WHAT IS REQUIRED: Using the data that follows, return exactly the lines from the one that contains "Godetevi il piacere" through the one that contains "1st time buyer?", ends included.

EXTRACTED DATA:
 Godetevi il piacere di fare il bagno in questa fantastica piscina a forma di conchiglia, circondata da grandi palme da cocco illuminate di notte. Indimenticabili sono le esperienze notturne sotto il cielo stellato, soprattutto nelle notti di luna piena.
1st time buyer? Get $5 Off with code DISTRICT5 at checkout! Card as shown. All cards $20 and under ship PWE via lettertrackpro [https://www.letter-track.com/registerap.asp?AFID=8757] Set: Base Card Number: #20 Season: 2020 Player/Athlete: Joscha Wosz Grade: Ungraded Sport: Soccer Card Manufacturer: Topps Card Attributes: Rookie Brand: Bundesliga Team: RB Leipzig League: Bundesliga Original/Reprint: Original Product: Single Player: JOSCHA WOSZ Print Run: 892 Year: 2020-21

==

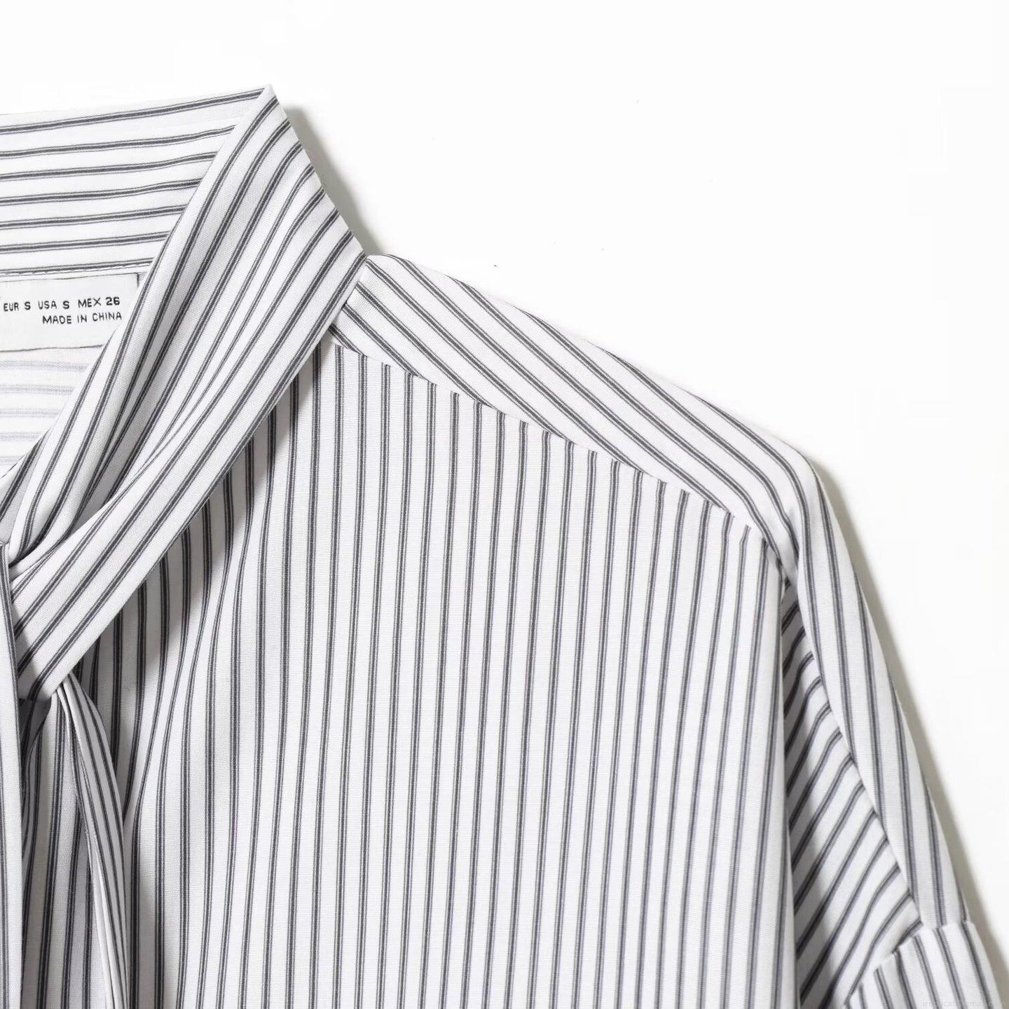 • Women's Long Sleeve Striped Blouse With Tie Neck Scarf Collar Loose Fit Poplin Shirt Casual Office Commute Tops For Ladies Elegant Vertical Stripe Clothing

==

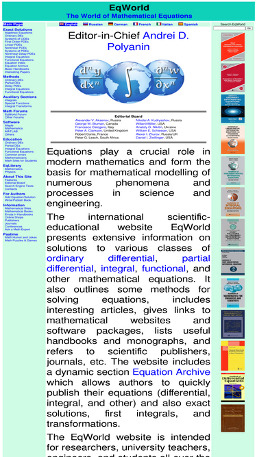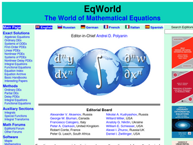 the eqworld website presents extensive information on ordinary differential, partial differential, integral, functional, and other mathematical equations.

EXPECTED OUTPUT:
 Godetevi il piacere di fare il bagno in questa fantastica piscina a forma di conchiglia, circondata da grandi palme da cocco illuminate di notte. Indimenticabili sono le esperienze notturne sotto il cielo stellato, soprattutto nelle notti di luna piena.
1st time buyer? Get $5 Off with code DISTRICT5 at checkout! Card as shown. All cards $20 and under ship PWE via lettertrackpro [https://www.letter-track.com/registerap.asp?AFID=8757] Set: Base Card Number: #20 Season: 2020 Player/Athlete: Joscha Wosz Grade: Ungraded Sport: Soccer Card Manufacturer: Topps Card Attributes: Rookie Brand: Bundesliga Team: RB Leipzig League: Bundesliga Original/Reprint: Original Product: Single Player: JOSCHA WOSZ Print Run: 892 Year: 2020-21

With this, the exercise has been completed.